___ Material provided
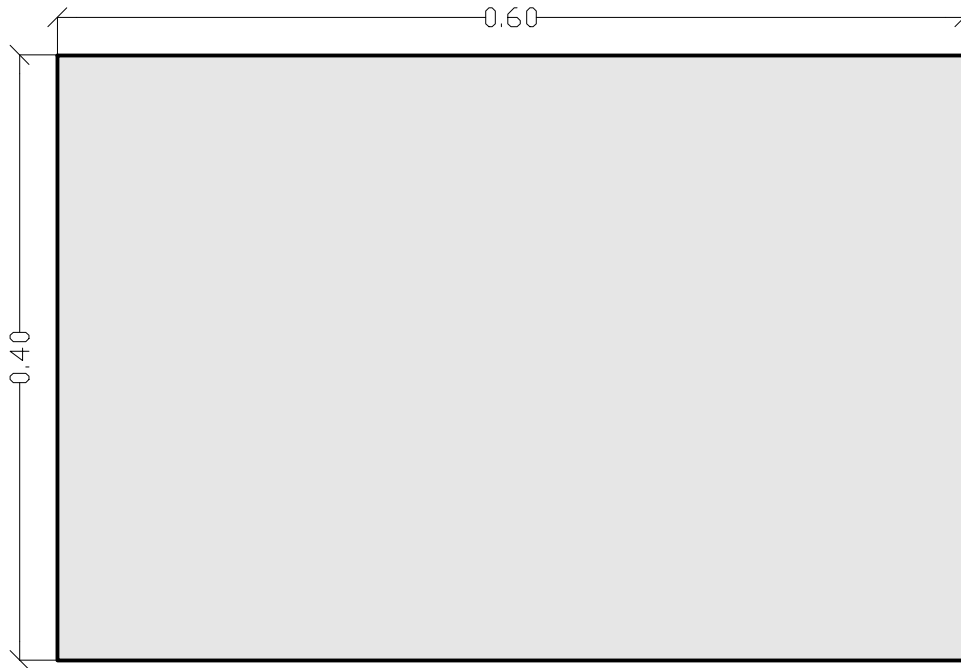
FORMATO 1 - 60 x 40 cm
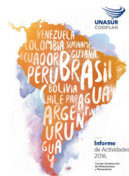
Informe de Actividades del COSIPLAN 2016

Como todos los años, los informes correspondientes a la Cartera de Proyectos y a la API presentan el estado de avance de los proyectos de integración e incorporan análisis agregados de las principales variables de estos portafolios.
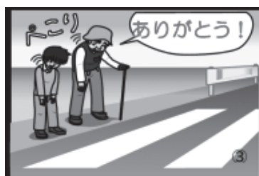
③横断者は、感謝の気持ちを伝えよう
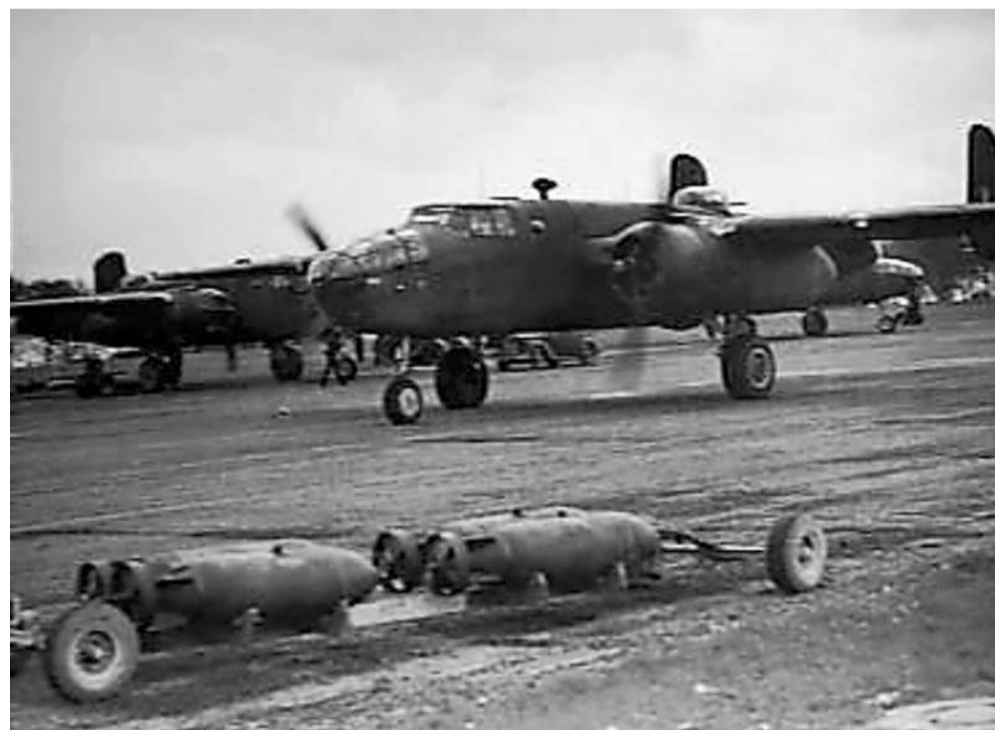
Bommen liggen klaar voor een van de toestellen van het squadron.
______
Take the entries above and restate them word for word, minus their images.

FORMATO 1 - 60 x 40 cm
Informe de Actividades del COSIPLAN 2016

Como todos los años, los informes correspondientes a la Cartera de Proyectos y a la API presentan el estado de avance de los proyectos de integración e incorporan análisis agregados de las principales variables de estos portafolios.
③横断者は、感謝の気持ちを伝えよう
Bommen liggen klaar voor een van de toestellen van het squadron.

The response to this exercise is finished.